Sorry for the long post, any help will be greatly appreciated.


apwebsolutions

The difference in the count of indexed pages between the "Index status" report in Google Webmaster Tools, the sitemap, and the "site:" command in Google search results can be attributed to various factors.

Firstly, it's important to understand that each of these measures uses different methodologies to determine the number of indexed pages.

The "Index status" report in Google Webmaster Tools provides data specifically for your website. It may not always accurately reflect the current number of indexed pages as it relies on Google's indexing process, which can take time to update.

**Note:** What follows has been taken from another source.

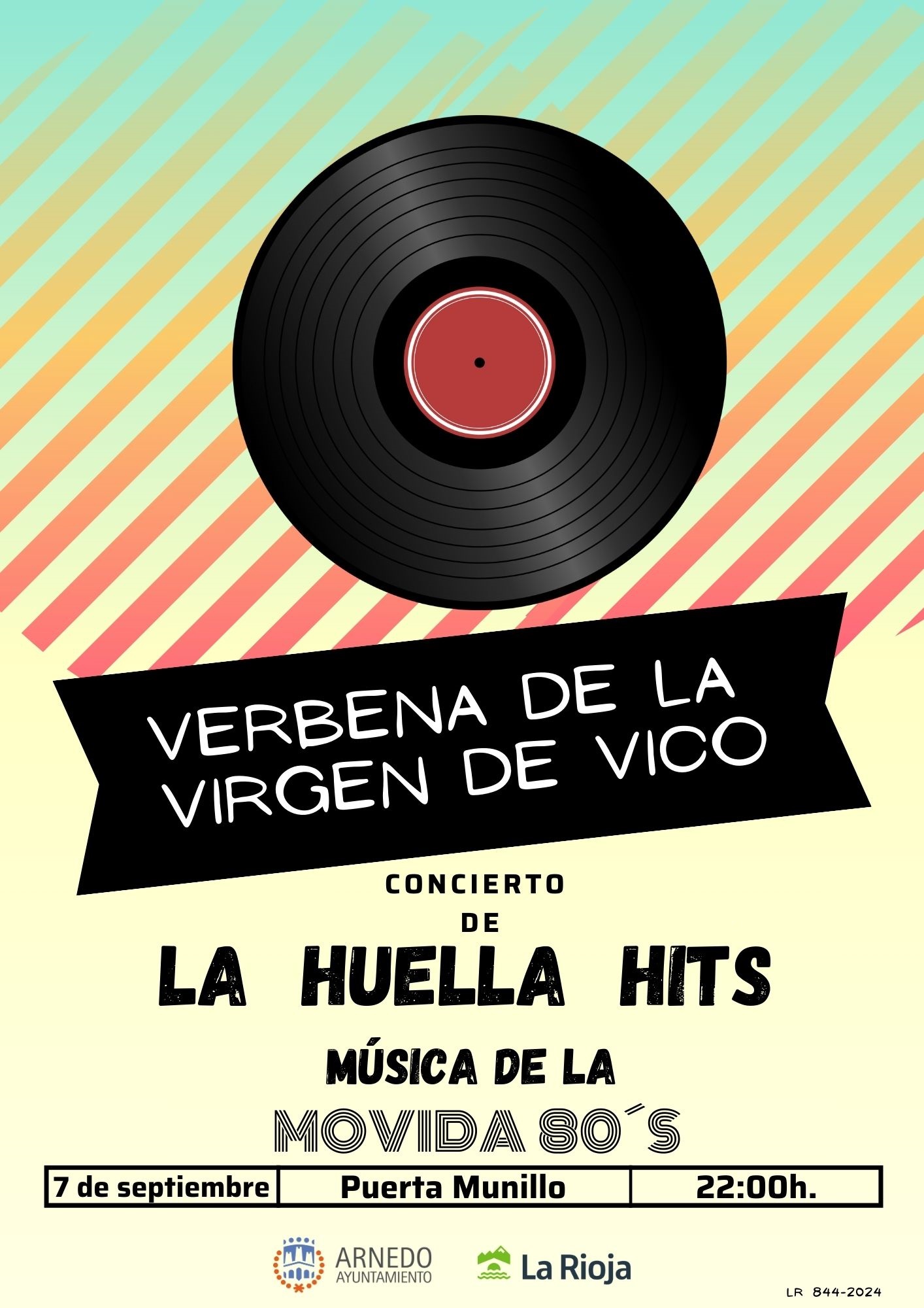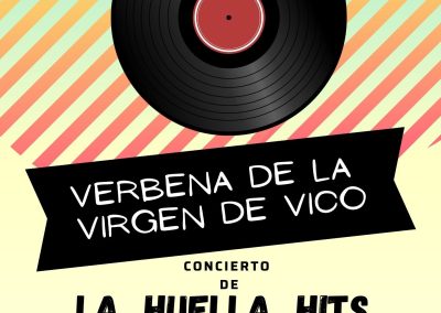 - El día 7 de septiembre a las 22:00 h. en la Puerta Munillo, celebraremos la tradicional Verbena de la Virgen de Vico. En esta ocasión contaremos con La Huella Hits un maravilloso tributo de la música de los 80`s.

On the other hand, the sitemap is a file you submit to Google, which contains a list of all the URLs you want to be indexed. The number of pages listed in the sitemap represents the number of pages you have submitted to Google for indexing. However, it doesn't guarantee that all those pages will be indexed.

The "site:" command in Google search results allows you to see the number of pages from your website that Google has indexed. This count may vary from what is shown in the other two areas because Google may choose not to index certain pages for a variety of reasons, such as duplicate content, low quality, or crawling issues.

Here are some additional factors that can contribute to the difference in the count of indexed pages:

1. Crawling Frequency: Google's crawlers may not visit all pages on your website at the same frequency. Certain pages may be crawled more often, resulting in faster indexing and a higher count in some areas.

2. Indexing Priority: Google prioritizes indexing of webpages based on factors such as relevance, authority, and popularity. Higher-quality pages or those with more backlinks might be indexed more quickly and have a higher count.

3. Page Restrictions: Some pages on your website may have restrictions that prevent them from being indexed, such as robots.txt directives or meta tags instructing search engines not to index specific content.

4. Duplicate URLs: If your website has multiple URLs with the same or very similar content, Google may choose to index only one of those URLs instead of all of them. This can lead to discrepancies in the count.

5. Time Lag: There may be a time lag between when a page is indexed and when it is reflected in the various reports. Changes in the count can occur as Google's indexing process updates.

6. Site Structure: The structure of your website can impact how Google indexes it. If your website has a complex navigation structure or technical issues, it may result in some pages being missed or not properly indexed.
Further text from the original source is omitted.